In a recent decision, McKinley v. XL Specialty Insurance Company, the California Court of Appeals held that an insurer did not act in bad faith when it asserted a subrogation claim against the pilot who rented and damaged an aircraft owned by its insured, since the pilot was not insured under the policy for the damage caused by the pilot.
Plaintiff McKinley rented a plane from Todd Aero for the purpose of receiving advanced flight instruction. While McKinley was flying the aircraft, it was damaged during a gear-up landing. Todd Aero’s insurer, XL Specialty Insurance Company, paid approximately $41,000.00 to repair the aircraft and XL Specialty then brought a subrogation action in the name of Todd Aero against McKinley to recover the amount it paid. The subrogation action was referred to judicial arbitration where the arbitrator ultimately concluded that McKinley was not at fault for the damage to Todd Aero’s aircraft.

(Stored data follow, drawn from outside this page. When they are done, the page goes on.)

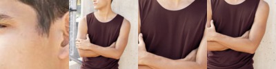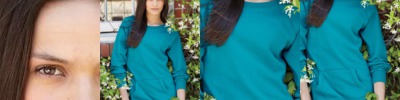 • Raw-edge seams on raglan shoulders, side gusset panels, pocket and waistband
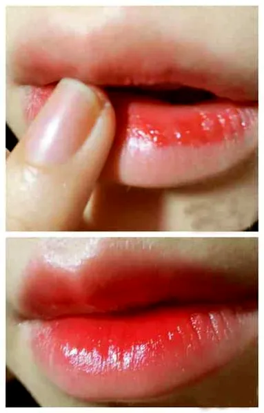 Step7:用一只红色的唇膏,沾到手指上,然后抹在唇部内圈,最后上点润唇膏在唇部中间。
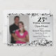 Este convite de 25º aniversário de casamento apresenta um padrão damasco de redemoinho preto como fundo, uma faixa prateada ondulada no centro e uma moldura de foto personalizável. O texto personalizável permite que você adicione os detalhes do seu convite.
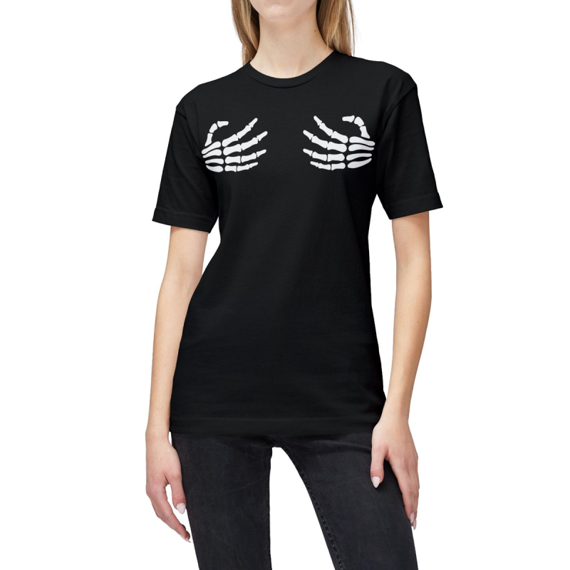 - Thiết kế form basic kinh điển với tay ngắn tạo nên sự thanh lịch, dễ mặc và phù hợp với mọi dáng người. Điểm nhấn đặc biệt của áo là họa tiết in hình bàn tay được thể hiện một cách tinh tế và đầy tính nghệ thuật, mang đến vẻ ngoài cá tính và khác biệt mà không quá phô trương.
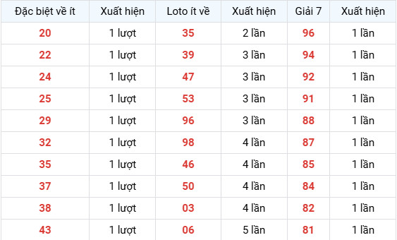 Thống kê đặc biệt, lô tô, giải 7 ít về trong 30' kỳ quay

McKinley then sued XL for bad faith, claiming that XL shouldn’t have sued her in subrogation because she was an insured under Todd Aero’s policy. The trial court dismissed McKinley’s action finding that McKinley was not covered under the XL Specialty policy for the damage to the Todd Aero aircraft. As a result, XL Specialty could sue her in subrogation and she could not maintain an action for bad faith against XL Specialty for having done so.”
The Court of Appeals analyzed the XL Specialty insurance policy and determined that McKinley was not an insured under the policy´s physical damage coverages policy provisions upon which it based its payment for Todd Aero’s loss. The Court noted that “Todd Aero’s claim for damage under the policy is a first-party property damage claim (to pay for physical damages to its own aircraft), and not a third-party liability claim (to pay for property damage to a third party’s property caused by the aircraft). Because McKinley was only an insured under the third-party liability coverage portion of the policy, which did not apply to Todd Aero´s first-party claim to XL Specialty, McKinley could not maintain her bad faith action against XL Specialty.
The Court went on to explain that “[i]f an equipment rental company has an insurance policy that provides third-party liability/property damage coverage to an equipment renter, the renter cannot transform that policy into one providing first-party physical damage coverage; otherwise, the renter could wreck the rented equipment and claim coverage for that damage under the liability/property damage coverage.” The Court concluded that, “[i]n the end, an insurer who has paid a claim for damage to rented equipment cannot be said to have acted in bad faith in seeking subrogation from a renter reasonably believed to have caused that damage.”